Noduli e carcinomi della tiroide sono in costante aumento. Il dato riguarda soprattutto le forme tumorali meno aggressive (istotipo papillare) e i tumori con dimensioni inferiori a 1 centimetro. E’ merito di diagnosi più accurate, insomma, se si riesce a tener testa al diffondersi di questa malattia. Una foto molto interessante in proposito arriva dal primo report dell’Italian Thyroid Cancer Observatory (ITCO), il primo osservatorio italiano sui noduli e sui tumori alla tiroide.
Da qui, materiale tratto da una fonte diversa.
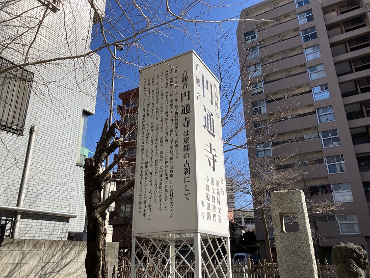 円通寺の板碑四基の内、三基は鎌倉時代末期の紀年銘をもち、区内に現存する板碑の中でも古い時代に属する。とりわけ永仁四年(1296年)十月日銘は、日慶寺の正応二年(1289年)銘に次いで二番目に古い年号を有し、南千住における鎌倉時代に人びとの生活を知るうえで貴重である。また、嘉暦四年(1329年)正月二十九日銘は、薬研彫りで精巧な彫刻が施され、造形的にも優れている板碑といえる。

Semplificando un po’ quello che ne viene fuori è un quadro traluci e ombre, dove le luci riguardano diagnosi precoce e nuove terapie, mentre le ombre sono legate ad un uso eccessivo di una chirurgia radicale.
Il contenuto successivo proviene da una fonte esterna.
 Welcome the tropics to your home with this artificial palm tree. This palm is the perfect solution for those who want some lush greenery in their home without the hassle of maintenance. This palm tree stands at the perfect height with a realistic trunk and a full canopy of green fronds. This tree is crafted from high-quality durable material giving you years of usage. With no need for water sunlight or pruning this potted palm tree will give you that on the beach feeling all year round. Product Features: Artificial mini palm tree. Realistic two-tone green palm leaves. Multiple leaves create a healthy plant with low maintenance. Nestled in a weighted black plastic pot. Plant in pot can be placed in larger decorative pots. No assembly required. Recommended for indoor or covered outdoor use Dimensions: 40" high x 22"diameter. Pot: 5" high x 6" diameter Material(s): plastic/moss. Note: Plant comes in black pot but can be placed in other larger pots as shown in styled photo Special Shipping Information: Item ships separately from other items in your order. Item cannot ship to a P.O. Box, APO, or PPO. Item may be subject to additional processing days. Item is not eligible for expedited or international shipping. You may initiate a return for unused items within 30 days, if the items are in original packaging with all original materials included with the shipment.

Sebastiano Filetti, Preside della Facoltà di Medicina dell’Università La Sapienza di Roma spiega che «del campione analizzato, nel 98% dei casi i pazienti sono stati sottoposti a rimozione totale della tiroide e solo nel 2% dei casi viene fatta la rimozione della sola parte interessata dal tumore». Come tutto questo possa essere di interesse per la popolazione è presto detto: un intervento radicale, ove non necessario, può peggiorare la qualità di vita del paziente. Ma quali sono i campanelli d’allarme? Il sintomo più comune del tumore della tiroide è un nodulo isolato all’interno della ghiandola, che si sente tra le dita se si tocca il collo in corrispondenza della tiroide. Non tutti i noduli tiroidei mutano in forme di cancro, anzi. Spesso sono il segno di quella che si definisce “iperplasia tiroidea”, ovvero una forma benigna di crescita ghiandolare. Si stima che meno del 5% dei noduli tiroidei nasconda effettivamente un tumore. Va etto che disturbi degli ormoni tiroidei come ipo o ipertiroidismo si manifestano solo nelle forme avanzate della malattia, per fortuna molto rare.
Il prossimo studio dell’ITCO sarà centrato sulla valutazione della qualità di vita dei pazienti affetti e trattati per un tumore della tiroide. Sta infatti per prendere il via uno studio multicentrico, italiano, mirato a valutare se cambia, e come cambia, la qualità della vita dei soggetti sottoposti ad asportazione totale della ghiandola tiroidea e in terapia sostitutiva ormonale, con l’obiettivo di comprendere quale intervento terapeutico sia in grado di ripristinare lo stato pre-operatorio del paziente.